For day-to-day traceability, identifiers must be used by traceability software systems. These systems must store various records that have been compiled for traceability purposes and establish the linkages.

Although the concepts of traceability systems are simple, there are a number of practical issues that complicate implementation – particularly in the case of food processing. The technology of traceability is still young and there are few mature software systems on the market for this application, even though there are a large number of software products that claim to achieve traceability.

Many companies have implemented their own traceability software system – effectively automating paper-based traceability records. Others have extended their existing enterprise software applications, such as their Manufacturing Execution System (MES) software or their Enterprise Resource Planning (ERP) system, although these extensions generally just provide basic batch handling. A growing number of users of the SAP ERP system have also adopted the SAP traceability module.

Products are beginning to emerge that combine traceability with other record-keeping and control functions. For example, a system known as FoodReg provides operational execution of the HACCP plan at the same time as ensuring product and process traceability. This and another system called TraceTracker provide an integrated approach to internal and chain traceability.

Conclusion

The core technologies needed to implement traceability are not new, but practical implementations are still at an early stage of evolution and many companies, particularly smaller companies, do not yet have a solution.

The industry is only just beginning to understand the possible benefits of traceability. In addition to improving

food safety and avoiding market disruption – the objectives of the legislation – traceability can bring significant benefits to individual companies and to trading partners.

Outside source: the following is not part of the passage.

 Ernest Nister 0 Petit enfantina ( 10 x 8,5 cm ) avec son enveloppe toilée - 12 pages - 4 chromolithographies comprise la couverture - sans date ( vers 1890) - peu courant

The first observable benefit is the improvement in quality control and logistics that results from more disciplined, detailed, record-keeping procedures. Defective products that used to ‘slip through the net’ are detected more easily and feedback on any issues can be pinpointed to the individual lot or time of production. Warehouse management is automatically improved, moving from generic FIFO management to precise product picking.

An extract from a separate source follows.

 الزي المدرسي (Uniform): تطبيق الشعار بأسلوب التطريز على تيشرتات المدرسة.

Paradoxically, although traceability implies a high level of data entry, the total amount of data entry in a supply chain can be reduced as a result. Once data has been entered into a reliable traceability system it can be re-used, both within the same company and downstream in the supply chain.

The detailed level of data provided by traceability systems makes it possible to study almost all aspects of business operations, from analysis of productivity of a specific process or production line to history-based predictions of customer demand.

The ultimate benefit will be a new relationship of trust with the consumer. With an increase in the transparency of information, consumers can look up an ID and check the history of a product – including full details on the ingredients it contains and the farming methods used. Japanese consumers can already gain information about the animal from which their chosen meat originates.

Full food-chain traceability, for all the challenges it offers, is probably the only way to re-establish consumer confidence.